------ Data shown
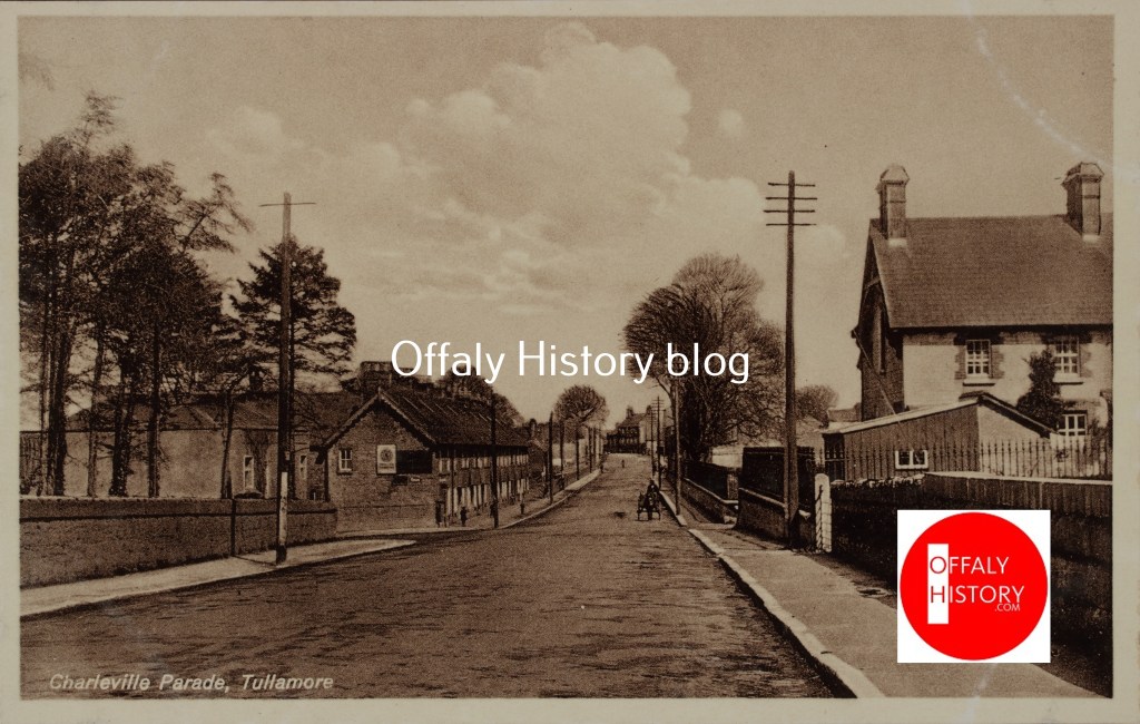 Last week we set out reasons why Cormac Street can be considered so good. Anybody getting off the train, visiting the town park or the courthouse cannot but be impressed. The street is very largely intact since it was built and has been enhanced by the town park. The restoration of the full Kilcruttin Hill beside the folly should be undertaken by the municipal council given its historic importance. Charleville/Cormac Street was the outer extremity of the town when building started here in the 1780s. Probably the Elmfield house (now the location of the Aras an Chontae) dates to 1795. Both Norris of that house and Acres of Acres Hall (dated to 1786) were functionaries of the young landlord’s family and both built on the road to the demesne. Bury came of age in June 1786 and so could regulate matters himself. While there were some cabins on Charleville Road these were temporary structures and aside from Elmfield no building leases were granted here until that to Daniel E. Williams in 1898. He completed Dew Park by 1900 and it was then regarded as the best house in Tullamore having taken that honour from Acres Hall. It reflected changing times with the demise and relative impoverishment of the Acres family and the growing importance of the new Catholic merchant class of Egan’s and Williams. While Williams had a virtual freehold in Dew Park lands the Egan family took a long lease from the Acres Pierce family of Acres Hall in 1891. The third big house that of Elmfield may well have earned the first-place honour but the Goodbodys sold this house in the 1880s and moved to Dublin. Richard Bull, the sub-sheriff moved in and departed after 1904 when the house was taken by Dr Kennedy who had moved from The Cottage in O’Moore Street.
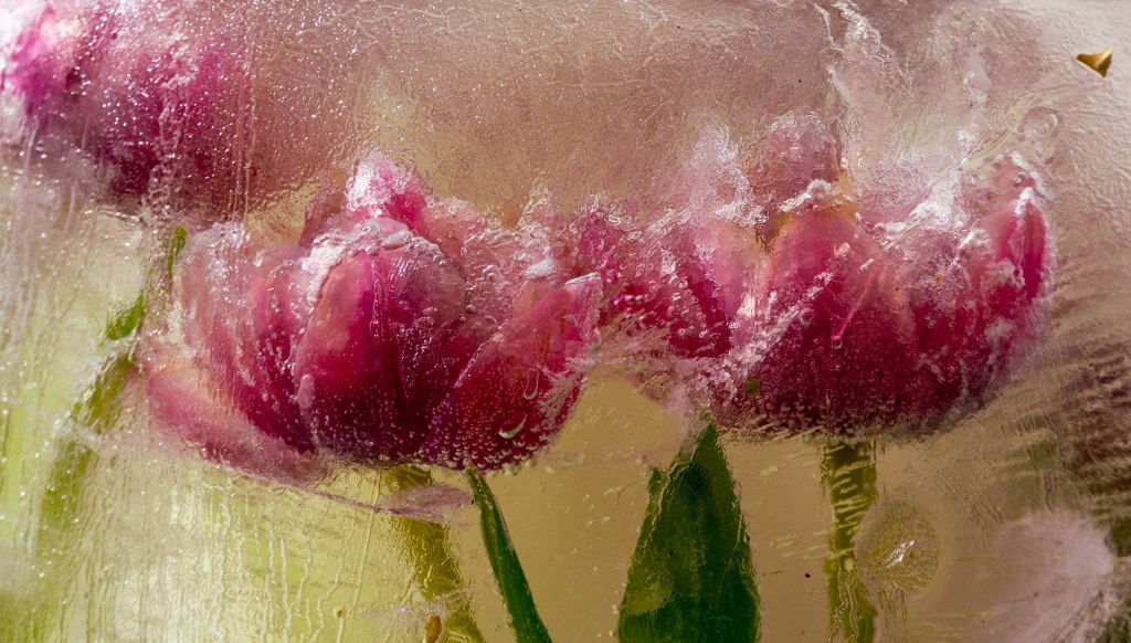 And I don’t know what super clever person made this ice sculpture, which consisted of placing a bunch of flowers upside down in a bucket of water to freeze, but I’m going to call it genius
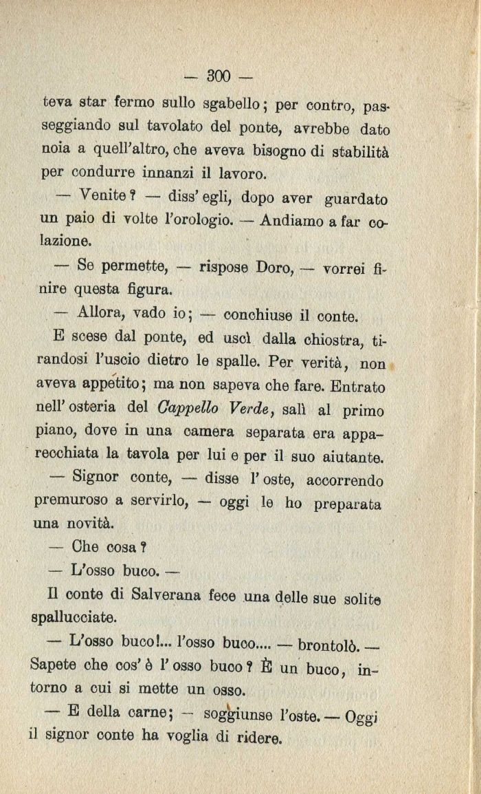 — L'osso buco!... l'osso buco.... — brontolò. — Sapete che oos' è l'osso buoo ? È un buco| intorno a cui si mette un osso.
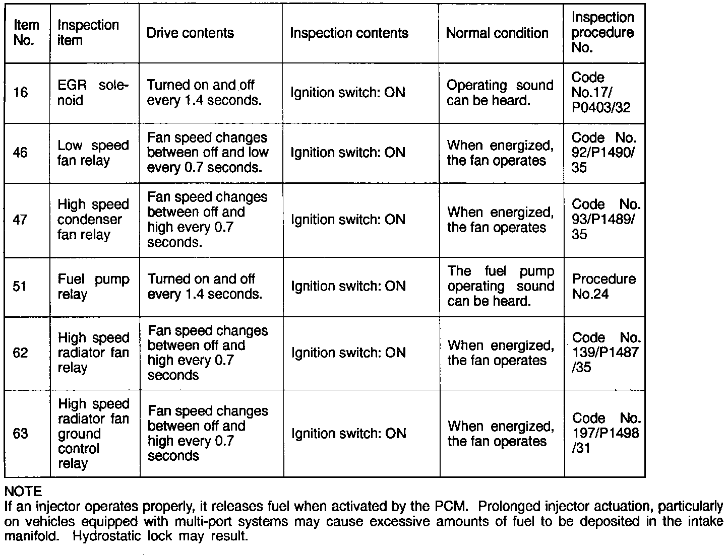 NOTE: If an injector operates properly, it releases fuel when activated by the PCM. Prolonged injector actuation, particularly on vehicles equipped with multi-port systems may cause excessive amounts of fuel to be deposited in the intake manifold. Hydrostatic lock may result.
------------
■ **Aim of the exercise**
For this exercise, retype the data above exactly and skip every image.

■ **The completed task**
 Last week we set out reasons why Cormac Street can be considered so good. Anybody getting off the train, visiting the town park or the courthouse cannot but be impressed. The street is very largely intact since it was built and has been enhanced by the town park. The restoration of the full Kilcruttin Hill beside the folly should be undertaken by the municipal council given its historic importance. Charleville/Cormac Street was the outer extremity of the town when building started here in the 1780s. Probably the Elmfield house (now the location of the Aras an Chontae) dates to 1795. Both Norris of that house and Acres of Acres Hall (dated to 1786) were functionaries of the young landlord’s family and both built on the road to the demesne. Bury came of age in June 1786 and so could regulate matters himself. While there were some cabins on Charleville Road these were temporary structures and aside from Elmfield no building leases were granted here until that to Daniel E. Williams in 1898. He completed Dew Park by 1900 and it was then regarded as the best house in Tullamore having taken that honour from Acres Hall. It reflected changing times with the demise and relative impoverishment of the Acres family and the growing importance of the new Catholic merchant class of Egan’s and Williams. While Williams had a virtual freehold in Dew Park lands the Egan family took a long lease from the Acres Pierce family of Acres Hall in 1891. The third big house that of Elmfield may well have earned the first-place honour but the Goodbodys sold this house in the 1880s and moved to Dublin. Richard Bull, the sub-sheriff moved in and departed after 1904 when the house was taken by Dr Kennedy who had moved from The Cottage in O’Moore Street.
 And I don’t know what super clever person made this ice sculpture, which consisted of placing a bunch of flowers upside down in a bucket of water to freeze, but I’m going to call it genius
 — L'osso buco!... l'osso buco.... — brontolò. — Sapete che oos' è l'osso buoo ? È un buco| intorno a cui si mette un osso.
 NOTE: If an injector operates properly, it releases fuel when activated by the PCM. Prolonged injector actuation, particularly on vehicles equipped with multi-port systems may cause excessive amounts of fuel to be deposited in the intake manifold. Hydrostatic lock may result.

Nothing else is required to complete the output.